Fever, fever of unknown origin, pyrexia, tuberculosis, lymphoma, biopsy

Abstract

Background: Fever of unknown origin (FUO) is a diagnostic challenge with highly heterogeneous causes. Its etiology can change according to the studied regions, and the chance of reaching a diagnosis depends on available resources. The aim of this study is to describe the clinical characteristics, etiology and the usefulness of diagnostic aids in cases of FUO managed over 12 years in a Colombian reference center.

Methodology: Single-institution retrospective case series. All cases of FUO between 2006 and 2017 were identified with the help of an electronic medical record search software. Cases of adults with fever for more than three weeks who remained undiagnosed after three days of hospitalization are described.

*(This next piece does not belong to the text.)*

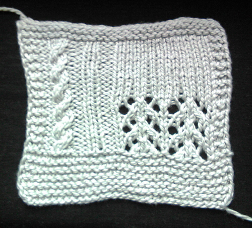 Alla lavorazione, Worsted Cotton è docile ai ferri, non si divide e scorre bene, anche se consiglierei di usare ferri metallici e non in legno o bambù. Il lavaggio, effettuato a mano e con acqua fredda ma con detergente aggressivo e senza troppe delicatezze, ha fatto leggermente allungare il campione, che in seguito però è tornato in forma senza problemi. Tassativa l’asciugatura in piano. Se desiderate eseguire un capospalla con questo filato, dato il peso di questo cotone, consiglio comunque di eseguire anche la prova di allungamento appendendo il campione asciutto per due o tre giorni in modo da valutarne l’allungamento. Nonostante il cotone non sia trattato, non ho notato alcun restringimento, che comunque è possibile con il lavaggio a caldo o macchina. Lavorato con un ferro 5, il campione ha reso una tensione di 14 maglie su 10 cm, nettamente inferiore alla tensione consigliata di 16-20 m per 10 cm, ma va detto che il mio campione è notevolmente morbido e sono certa che il filato possa essere lavorato più fitto, anche se non arriverei a 20 m per 10 cm. Ovviamente, trattandosi di cotone, questo Worsted Cotton non rende al meglio sui punti elastici come le coste, che restano piatte, ma la treccia a quattro maglie ha una bella definizione ed è gonfia e morbida, quindi il filato mi pare adatto anche per le lavorazioni Aran. Ottima anche la definizione nel punto traforato. Il maggiore punto negativo del filato è che tende notevolmente a fare pallini: la superficie poco compatta del cotone avvolto in gomitolo ha fatto un accenno di pallini anche solo per l’essere stato portato in giro in borsa!

Results: Of 1,009 cases evaluated, 112 cases met the inclusion criteria (median age 43 years, 66% men). The etiologies identified were infectious (31.2%), inflammatory (20.5%), neoplastic (14.3%), and miscellaneous (2.7%) diseases. 31.2% remained without etiological diagnosis. The most frequent conditions were tuberculosis (17%), Hodgkin's lymphoma (7.1%), systemic lupus erythematosus (6.3%), disseminated histoplasmosis, and adult Still's disease. Contrast tomography and biopsies were the studies that most frequently supported or confirmed the final diagnosis.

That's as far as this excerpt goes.